How it turns out that instead of a quality product, the mass user is sold, without any alternative and for money, some kind of slag for everyday work, we all know very well. No one has yet abolished the system of nepotism and bribery, despite the promise and the “European vector of development.” Moreover, MEDoc had competitors.

In fact, we are talking about bungling and unclean competition. IT Expert LLC is so used to resting on its laurels and making money off its unfinished projects that it simply wasn’t bothered to cover up all sorts of holes and errors in the program code, for which whole sheets of bug reports had long been written.

It can be said with a high degree of confidence that one of MEDoc’s competitors asked, on a mutually beneficial basis, one of IT Expert’s internal developers to insert a small piece of useful code into the program update package. Just to level the playing field in the competition.

In short, someone needed to bring down MEDoc without really considering the consequences. As is known, as a result of the infection, the computers of the Kyiv metro, Odessa, Kyiv, and Boryspil airports, Ukrenergo, and a number of government and commercial enterprises were damaged.

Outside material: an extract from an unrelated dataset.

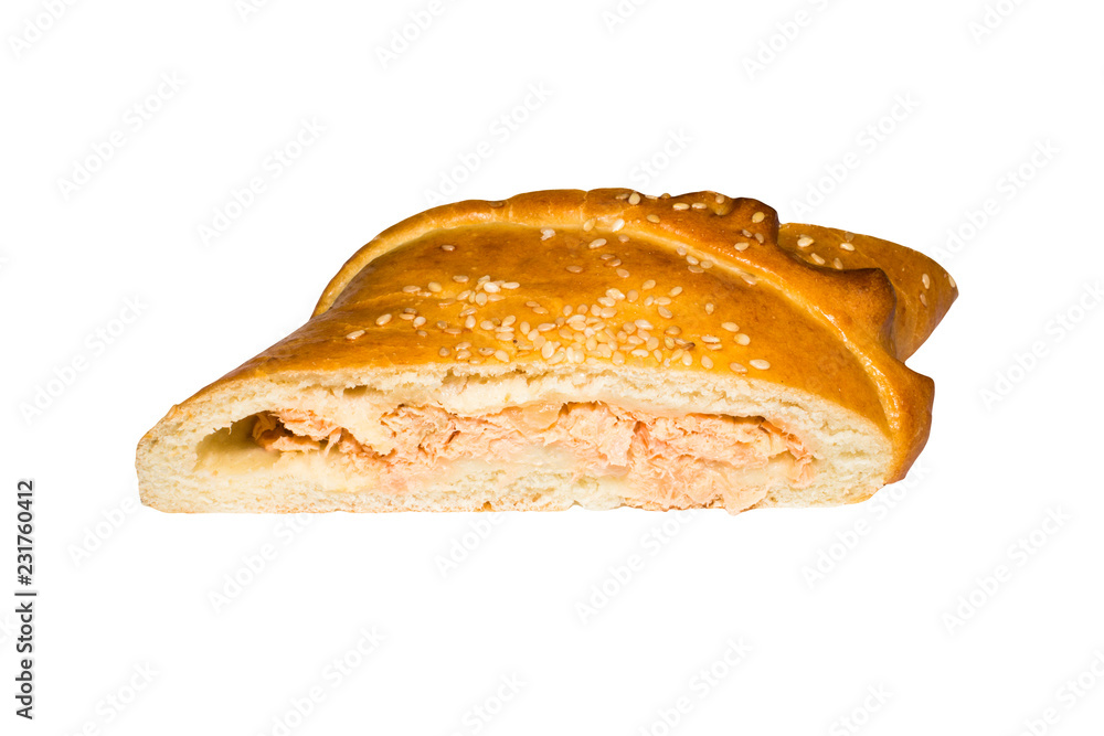 Ruddy fish pie on a white background.Pie with red fish.Fish pie.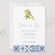 Blue Mediterranean Tile and citrus wedding Invita Invitation

However, as it turned out, the Ukrainian cyber police banned the use of both MEDoc and its competitors for electronic reporting.

Now some technical information. According to virus analysts, Petya and its relatives are a rewritten code of the already known Bad Rabbit virus, and the procedure for extorting money itself is organized lamely.

In particular, it was easy for law enforcement to determine into which account $300 of Bitcoin equivalents were deposited, and the 60-digit computer index could not be copied and pasted into a special decryptor window to begin the hard drive unlocking procedure. Which indicates rather crude work, in no way typical of special services hackers.

Even the foreign accusers themselves do not believe that Russia is behind the spread of Petya’s viruses. After all, then it is not clear why, having iron facts in their hands, they carefully hide them and do not try to demand compensation in court for the damage caused (and considerable damage) caused by viral infection from the Russian Federation.

Only the Ukrainian hunters and their pocket-sized empty-heads stutter about monetary compensation.

But don’t even spit in the eyes of these figures: even if the cap on the Svidomo thieves burns like a rocket flame, they will still claim that it was the damned katsaps who crap in their trousers.